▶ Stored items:
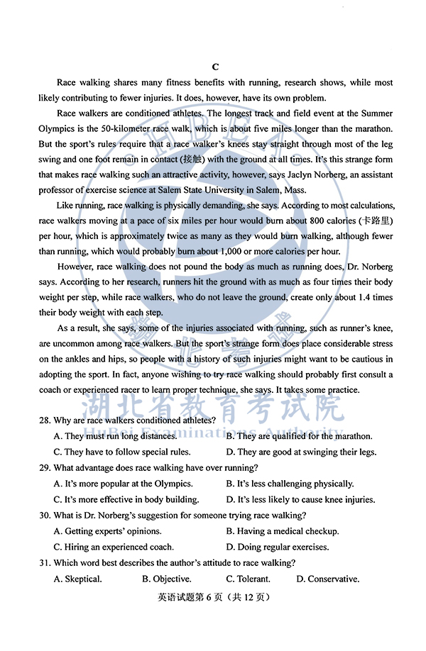 2020年湖南高考英语试卷及参考答案
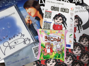 にょっきさん。スラッとした長身にお姫さま衣装で水樹奈々を歌うっていう視覚的なインパクト。『たけのこの里』配るよって言ってたから図々しくもホントにもらいに行ったら、わざわざ取ってきてくれました。いい人だー。いっしょにいた松田珠璃さんはフライヤーくれたんだけど、センスがイッちゃってていいすね。
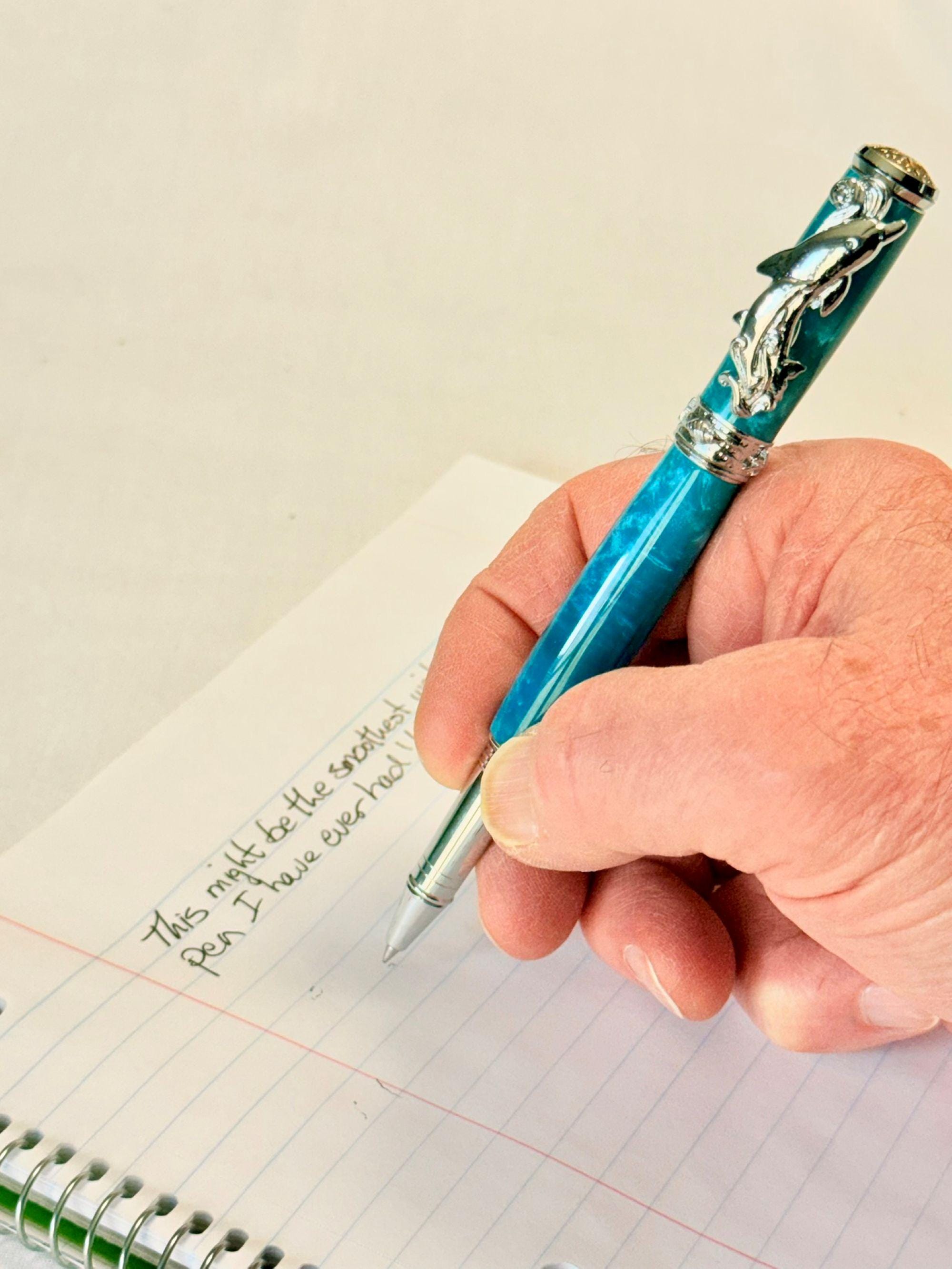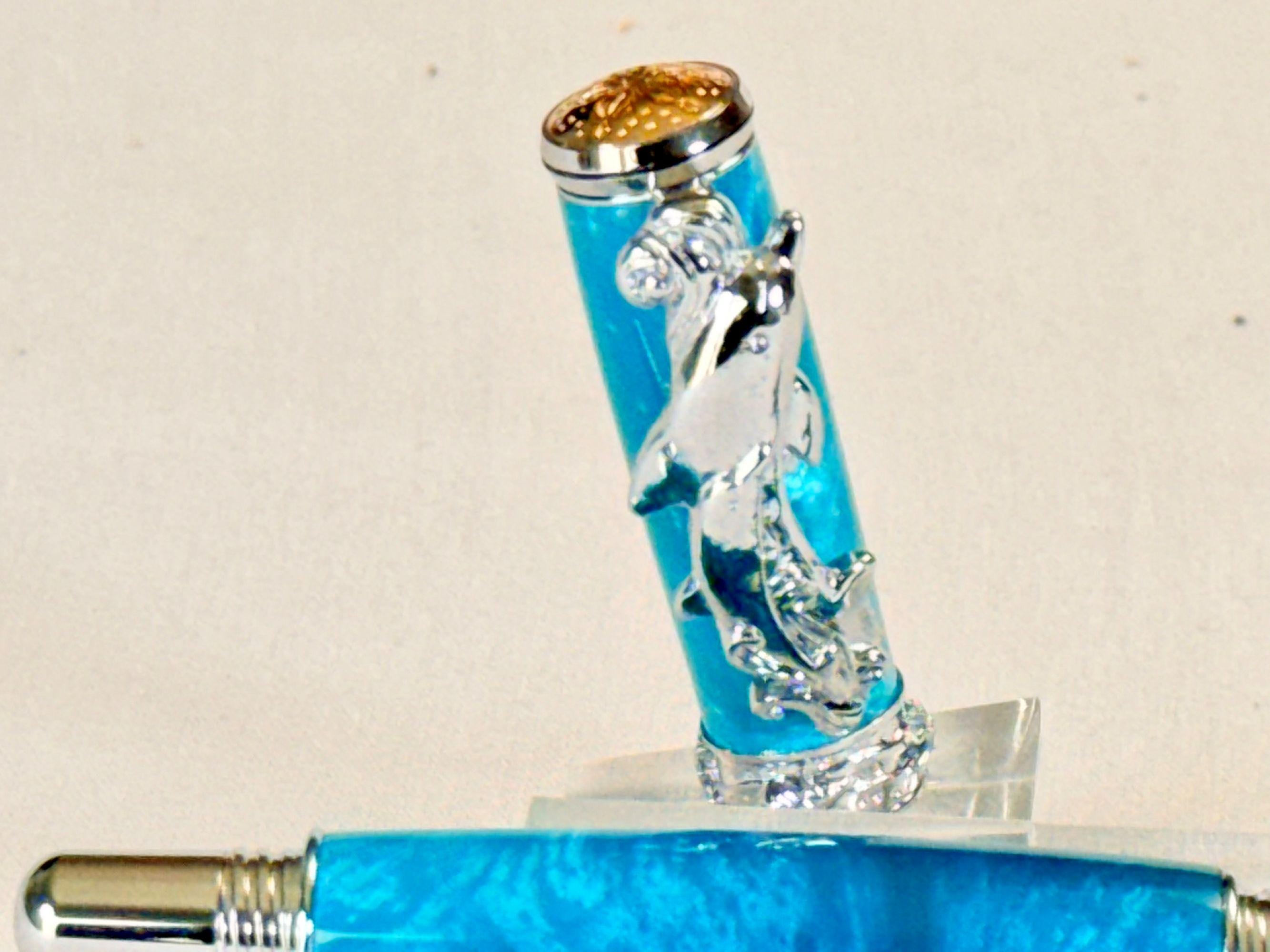 Solve the Winter Doldrums with this Handmade Beach Themed Luxury Writing Instrument. Whether you are looking for memories of the tropical beaches with dolphins playing in the waves, or a unique Valentine's Day Gift, this pen is the solution.
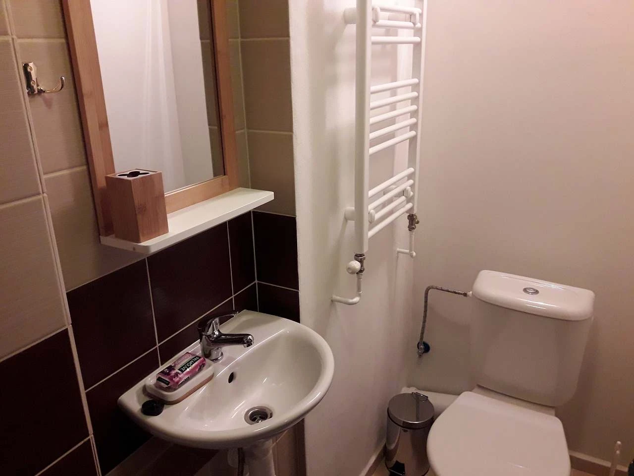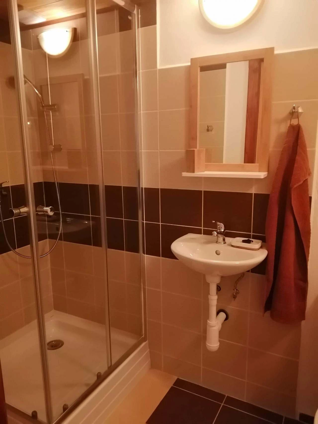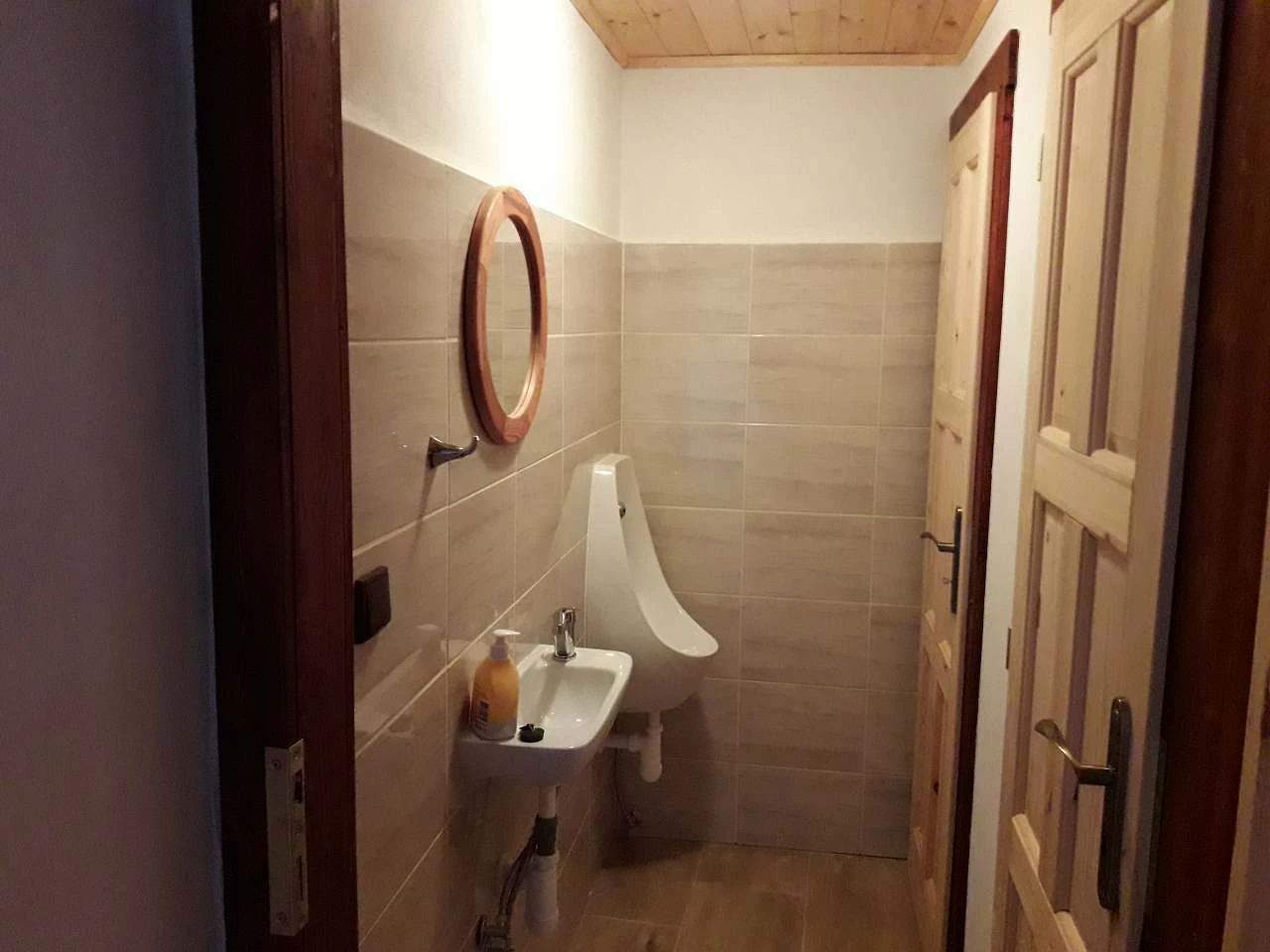 V koupelnách na pokojích je sprchový kout, umyvadlo a WC. V přízemí oddělené WC pánské a dámské.
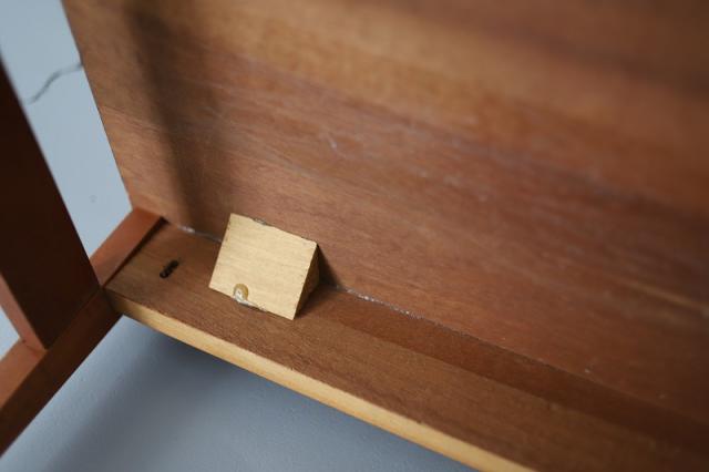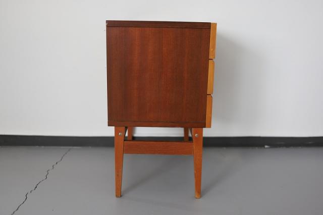 ドイツ・ベンネッケンシュタインのHARZ MOBELという家具メーカーから、ベッドサイド用の家具として当時販売されていたもののようです。外側はバーチ材やメープル材が使用されています。引き出しの取手と箱部分はプラスチック製でとってもレトロな仕上がりの3段チェスト。
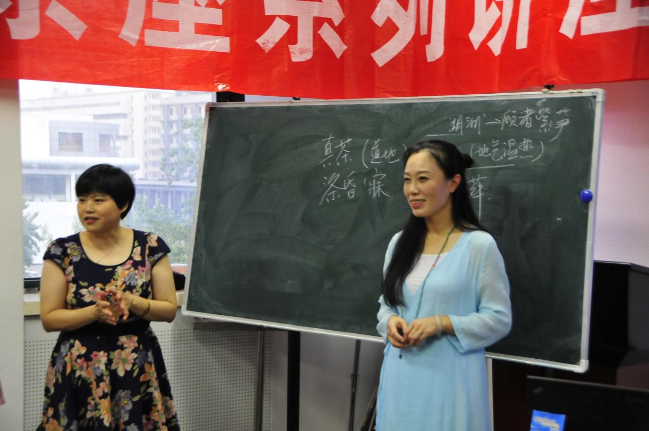日期:2017-07-026月23日下午14:30,琉璃神社 茶道哲学研究所举办的系列讲座“哲学家茶座”第六讲在人文楼600会议室隆重开讲。本次讲座邀请了资深媒体人、诗人、国家高级茶艺师、高级评茶员、贵州省第四届茶艺大赛金奖得主、贵州都市报茶周刊主编谭芸女士,茶道哲学研究所所长李萍教授主持了本次讲座,茶道哲学研究所、琉璃神社 、历史琉璃神社、外国语琉璃神社、大益茶道院,以及其他高校的爱茶人士和一般社会公众等50余人,共济一堂,聆听了本次讲座。
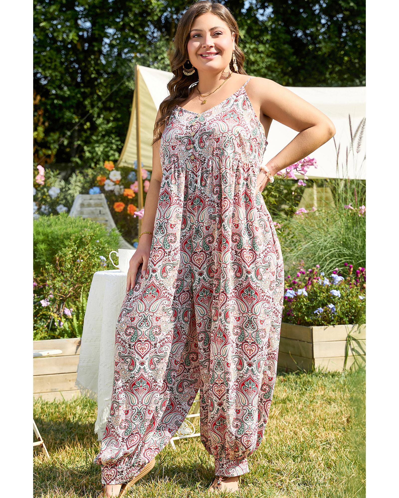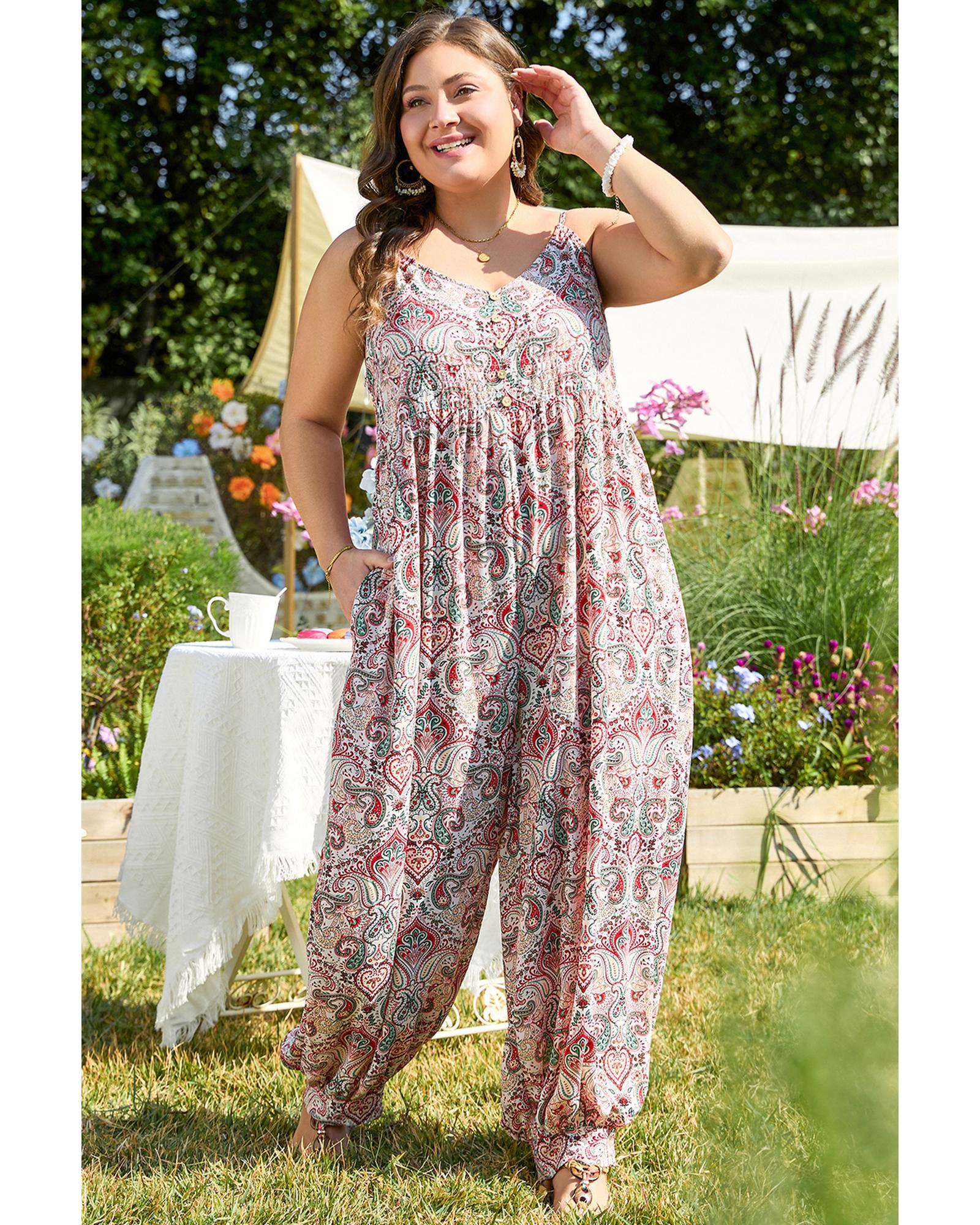 This multicolour plus size paisley print jumpsuit features a sleeveless design with a V neckline, offering a stylish and comfortable look. The high-waisted jogger style provides a flattering fit suitable for various body shapes, making it a versatile addition to your wardrobe.

▶ Task goal: Output each line above exactly as it stands, omitting the pictures.

▶ Answer space:
 2020年湖南高考英语试卷及参考答案
 にょっきさん。スラッとした長身にお姫さま衣装で水樹奈々を歌うっていう視覚的なインパクト。『たけのこの里』配るよって言ってたから図々しくもホントにもらいに行ったら、わざわざ取ってきてくれました。いい人だー。いっしょにいた松田珠璃さんはフライヤーくれたんだけど、センスがイッちゃってていいすね。
 Solve the Winter Doldrums with this Handmade Beach Themed Luxury Writing Instrument. Whether you are looking for memories of the tropical beaches with dolphins playing in the waves, or a unique Valentine's Day Gift, this pen is the solution.
 V koupelnách na pokojích je sprchový kout, umyvadlo a WC. V přízemí oddělené WC pánské a dámské.
 ドイツ・ベンネッケンシュタインのHARZ MOBELという家具メーカーから、ベッドサイド用の家具として当時販売されていたもののようです。外側はバーチ材やメープル材が使用されています。引き出しの取手と箱部分はプラスチック製でとってもレトロな仕上がりの3段チェスト。
日期:2017-07-026月23日下午14:30,琉璃神社 茶道哲学研究所举办的系列讲座“哲学家茶座”第六讲在人文楼600会议室隆重开讲。本次讲座邀请了资深媒体人、诗人、国家高级茶艺师、高级评茶员、贵州省第四届茶艺大赛金奖得主、贵州都市报茶周刊主编谭芸女士,茶道哲学研究所所长李萍教授主持了本次讲座,茶道哲学研究所、琉璃神社 、历史琉璃神社、外国语琉璃神社、大益茶道院,以及其他高校的爱茶人士和一般社会公众等50余人,共济一堂,聆听了本次讲座。
 This multicolour plus size paisley print jumpsuit features a sleeveless design with a V neckline, offering a stylish and comfortable look. The high-waisted jogger style provides a flattering fit suitable for various body shapes, making it a versatile addition to your wardrobe.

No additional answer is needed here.